Die Realisierung von Massnahmen zur Verkehrsberuhigung ist in Lohn-Ammannsegg nicht erwünscht. Überaus deutlich lehnte der Souverän damit die beinahe flächendeckende Einführung von Tempo 30 in Lohn-Ammannsegg ab. Von 1473 abgegebenen Stimmzetteln waren bei dieser lokalen Vorlage 5 leer und 5 ungültig. Von den 1468 in Betracht fallenden Stimmzetteln wurden 455 für und 1013 gegen die Vorlage eingelegt. Die Stimmbeteiligung betrug hohe 67,4 Prozent.

«Unser Bauchgefühl war richtig»

Mit diesem Resultat wurden selbst die Erwartungen der Gegner der Vorlage klar übertroffen. «Ich bin mehr als erfreut», gibt stellvertretend Philippe Arnet Auskunft. «Das Bauchgefühl von mir und meinen Mitstreitern, dass man sich hier wehren muss, hat sich als richtig herausgestellt», so der FDP-Kanto
nsrat und Geschäftsführer der W. Ulrich Garage in Lohn-Ammannsegg. Das zeige die überaus starke Ablehnung bei einer sehr hohen Stimmbeteiligung. «Ich erhielt im Vorfeld viel Zustimmung, sei es in Gesprächen oder per Mail. Dabei wurde unser sachlicher Kampf gegen die Vorlage hervorgehoben. Da habe ich geahnt, dass die Vorlage an der Urne abgelehnt werden könnte.»
Obwohl die Ablehnung hoch ist, reicht Arnet den Befürwortern die Hand. Es gelte nun, die wirklich neuralgischen Punkte auf den Strassen in Lohn-Ammannsegg zu beurteilen und allfällige Risiken zu minimieren, wenn es wirklich welche gebe. Er spreche sich für eine «faire und saubere» Lagebeurteilung aus.

«Wir konnten nicht so stark mobilisieren»
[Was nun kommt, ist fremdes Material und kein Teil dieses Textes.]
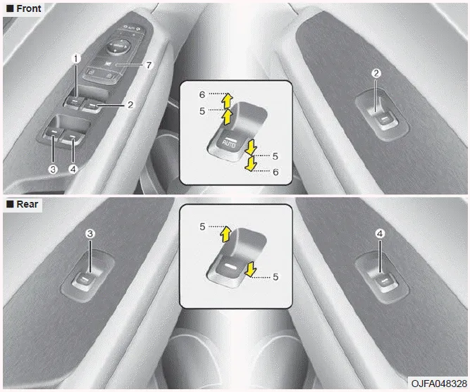 (6) Automatic power window up/down (Driver's and Passenger's window)
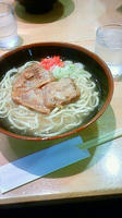 帰る日に、平和通り(本市場通りかも)で食べた二杯目(¥450)は麺が柔らかかった。ちゃんぽん麺よりちょっとコシが強いくらいでした。これがまたスープが旨いの……。惚れたよ、大将!(しかもおまけでサーターアンダギーまでつけてくれた!下町風の店は好き)

Bei diesem Resultat ist eine grosse Enttäuschung der Befürworter verständlich. «Wir konnten nicht so stark mobilisieren, wie die Gegner der Vorlage. Von mir aus gesehen hätten wir noch Potenzial gehabt», erklärt Gemeindepräsident Markus Sieber. Aber er respektiere auch die klare Meinung des Dorfes. «Bei fast 70 Prozent Stimmbeteiligung und einem Stimmverhältnis von zwei zu eins ist es deutlich.» Die Warnung vor nicht absehbaren Folgekosten und dass man bereit sei, punktuell zu prüfen, hätten im Stimmvolk eine Mehrheit überzeugt. Es liege nun am Gemeinderat zu entscheiden, was in diesem Thema gemacht werden soll. Eine punktuelle Beurteilung sei ein mögliches Ziel.